A psychiatrically stable 56-year-old man with PD receiving a total daily dose of pramipexole 0.75 mg was titrated to 1.125 mg per day. Following this change, verbal and physical aggression increased. Psychotic symptoms presented. During the course of the next month, episodes of hallucinations and delusions tripled. Pramipexole was tapered to the previous total daily dose of 0.75 mg, and the behaviors returned to baseline levels by the second month. Anti-Parkinson pharmacotherapy and the corresponding increase in CNS dopamine are often implicated in causing or exacerbating psychosis.28
In this case, a thorough medication history, review of recent changes in a regimen (particularly the small dose change), and understanding of the patient's degenerative disease process contributed to a timely intervention and stabilization. Clinicians who may be new to neuropsychiatric patients are reminded that unintended behavioral and intended clinical response to medication may be impacted by a multidimensional set of variables, specifically age-related changes in drug metabolism and excretion (hepatic and/or renal insufficiency), multiple medications, and the use of CNS-active agents.

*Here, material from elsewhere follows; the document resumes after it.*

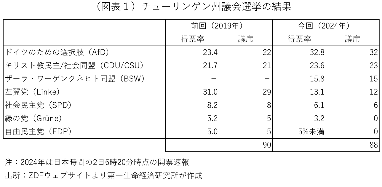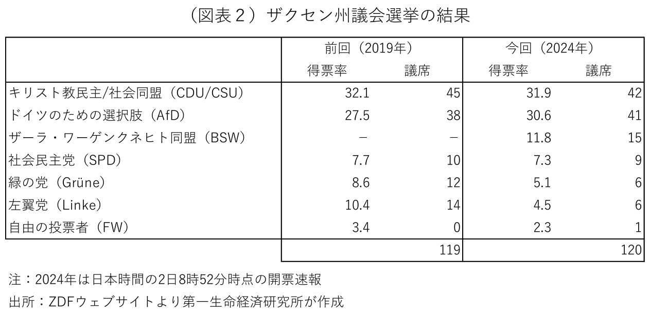 現地メディアの開票速報によれば、AfDはチューリンゲン州で33.2%の票を獲得し、CDUの23.6%を上回った(図表1)。極右政党が州議会の最大勢力となるのは、第二次世界大戦後のドイツで初。BSWが15.8%で三番手につけた。SPDは6.1%で議席獲得に必要な5%を辛うじて上回ったが、緑の党とFDPは5%に届かなかった。これまで州政府を率いてきた左翼党は、BSWやAfDに支持を奪われ、13.1%で四番手に沈んだ。ザクセン州では、CDUが31.9%で辛うじて首位を守ったが、AfDが30.6%の票を獲得、BSWが11.8%で三番手につけた(図表2)。SPDが7.3%、緑の党が5.1%で議席を死守したが、FDPが議席を獲得できなかった。
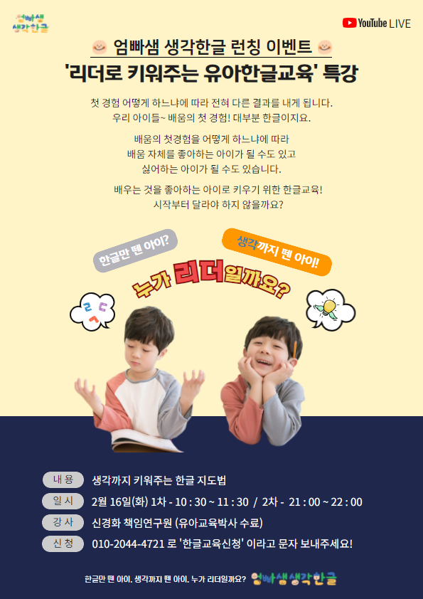 엄빠샘 생각한글 런칭 기념 한글 부모 교육!

This work was developed to outline key elements in a clinical assessment construct that, when followed, should minimize the frequency of overlooking an underlying and potentially treatable medical illness that may be masquerading as a primary psychiatric illness, and thus avoiding delays in correct diagnosis and appropriate treatment. Formulation of a diagnosis conceptualizes the various possibilities in determining whether the clinical presentation is due to a primary psychiatric illness or a medical mimic and requires clinical vigilance as well as a structured process of evaluation. In addition to evaluating onset, duration, changes in medication use patterns, or metabolic abnormalities as part of a comprehensive assessment, clinicians are encouraged to consider (and obtain) information regarding change from the patient's baseline psychosocial functionality whenever possible. The diagnostic schema for ruling out medical mimics requires critical thinking, a multifactorial approach, clinical diligence, exclusion of infectious disease(s), metabolic disturbances, respiratory disorders, endocrine abnormalities, medications, trauma, and substance use when considering the potential for nonpsychiatric causes of the presenting symptoms, especially in the case of patients with a preexisting psychiatric illness.
The cases presented are designed to demonstrate the utility of application of a structured framework to aid patient evaluation. The case examples of myxedema demonstrate how a careful and comprehensive evaluation can aid in determining the medical etiology where psychiatric symptoms are the predominant initial presenting symptoms. In the case of delirium, the underlying cause was determined to be a UTI, and premorbid function resumed following antibiotic treatment. This case also illustrates how a potentially important lab test was not ordered, possibly leading to a delay in appropriate treatment. In the last case, a small medication change in a patient with a degenerative neurologic disorder resulted in the manifestation of psychiatric symptoms, whereby a dose reduction returned the patient to baseline psychosocial function. Improvements in diagnostic accuracy should aid in minimizing misdiagnosis and allow the patient's illness to be appropriately managed in a more timely manner.